Learning from Near-Disasters
The freezer monitoring incident teaches us several critical lessons:
- Types are your specification: The type system should encode your domain knowledge
- Make illegal states unrepresentable: If mixing units is wrong, make it impossible
- Zero-cost abstractions exist: Safety doesn’t require runtime overhead
- Catch errors at compile time: This constructive constraint during design saves time and money, and eliminates entire categories of operational risk
Integration with the Fidelity Framework
The Fidelity Framework builds on F#’s units of measure to provide comprehensive safety across the stack:
// BAREWire protocol with type-safe channels
type [<Measure>] sensor_data
type [<Measure>] control_command
type [<Measure>] telemetry
type Channel<[<Measure>] 'msgType> = {
Endpoint: BAREWire.Endpoint
Protocol: Protocol<'msgType>
}
// Channels can only connect compatible types
let connectChannels
(sender: Channel<'a>)
(receiver: Channel<'a>) : Connection<'a> =
BAREWire.connect sender receiver
// Type error if you try to connect incompatible channels
let sensorChan = createChannel<sensor_data> "tcp://sensor:5555"
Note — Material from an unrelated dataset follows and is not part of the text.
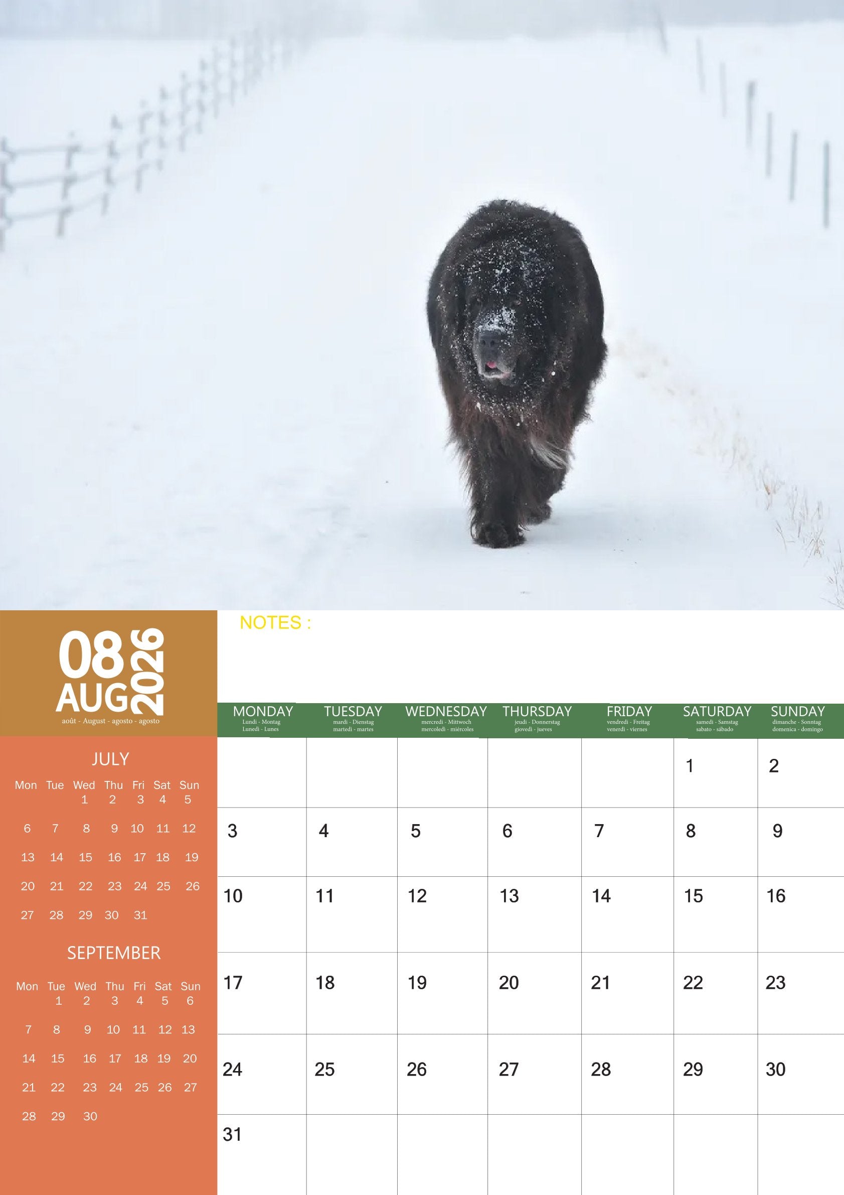 The Newfoundland Calendar 2026 is more than just a calendar—it’s a year-long tribute to one of the most beloved and gentle breeds. With stunning photography and a practical design, it brings the Newfoundland’s loyalty, kindness, and affectionate spirit into your home throughout the year.

let controlChan = createChannel<control_command> "tcp://control:5556"
let invalid = connectChannels sensorChan controlChan
// COMPILE ERROR: Cannot connect Channel<sensor_data> to Channel<control_command>
Beyond Safety: Types as Documentation
Well-designed units of measure serve as living documentation:
// The types tell the whole story
type TurbineMonitoring = {
RotationSpeed: float<rpm>
Temperature: float<celsius>
Pressure: float<pascal>
Efficiency: float<percent>
PowerOutput: float<megawatt>
Runtime: TimeSpan<hour>
}
// Function signatures become self-documenting
let calculateMaintenance
(runtime: TimeSpan<hour>)
(avgTemp: float<celsius>)
(peakPressure: float<pascal>) : TimeSpan<hour> =
// Complex calculation with guaranteed unit correctness
let tempFactor = (avgTemp - 85.0<celsius>) / 10.0<celsius>
let pressureFactor = peakPressure / 100_000.0<pascal>
let interval = 2000.0<hour> / (1.0 + abs tempFactor + pressureFactor)
interval - runtime
The Path Forward
As we build increasingly critical systems - from medical devices to autonomous vehicles to financial infrastructure - we can’t afford to treat types as optional. The gene analysis startup nearly lost irreplaceable samples because their monitoring system allowed temperature units to be confused. What will your organization risk before prioritizing a type-safe and memory-safe system?
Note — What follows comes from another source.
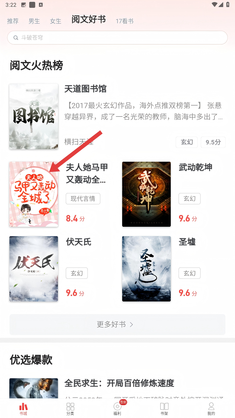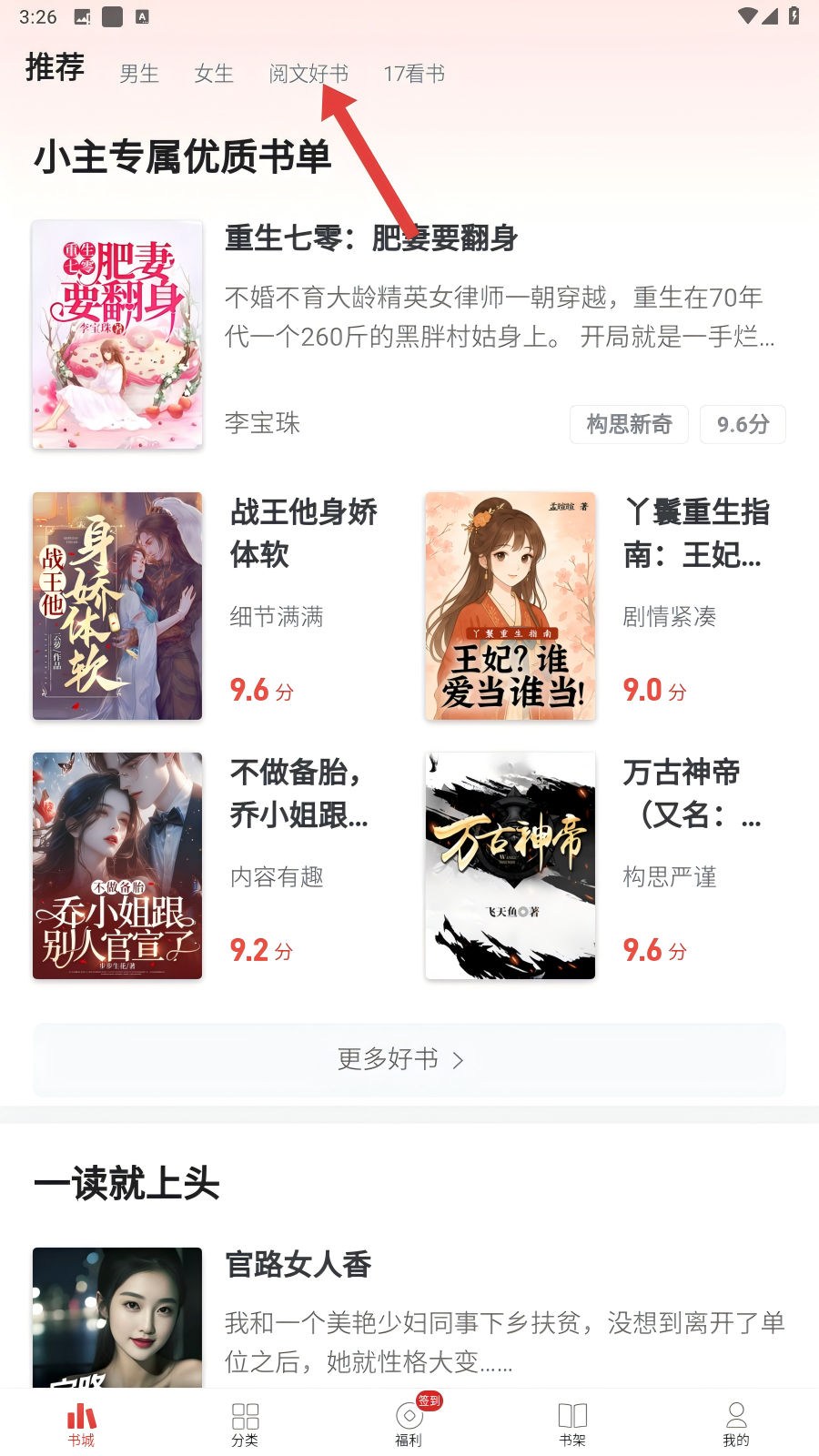 1、进入【书城】的【阅文好书】板块,准备选择想看的小说啦。

The Fidelity Framework demonstrates that type safety doesn’t require sacrificing performance. By leveraging F#’s units of measure and extending them through UMX, we can build systems that are simultaneously:
- Safer: Entire classes of errors become impossible
- Faster: Zero runtime overhead from type checking
- Clearer: Types in source code document intent and constraints
- Maintainable: Refactoring becomes fearless with smart compiler support
Don’t Let Lazy Software Fail Your Business
That company’s freezer monitoring system nearly failed catastrophically not because of a bug in the traditional sense, but because the monitoring software allowed a dangerous state to exist. The DNA samples survived by luck alone - but luck is not a strategy. With F#’s units of measure, that error would have been caught at compile time, long before any samples were ever at risk.
In the Fidelity Framework, we’re applying this lesson at every level - from low-level memory management to high-level protocol design. Because when you’re building critical systems, “it works for my happy path use case” isn’t good enough. The clear and present signal is that future systems need guarantees that only a strong type system can provide. And only F# and the Fidelity framework can provide that at no additional runtime cost.
The next time you’re tempted to use a raw float
for temperature, or a plain string
for an identifier, remember: types aren’t just academic exercises. They’re your first, best, and cheapest line of defense against catastrophic failure.
Your reputation and your business may depend on it.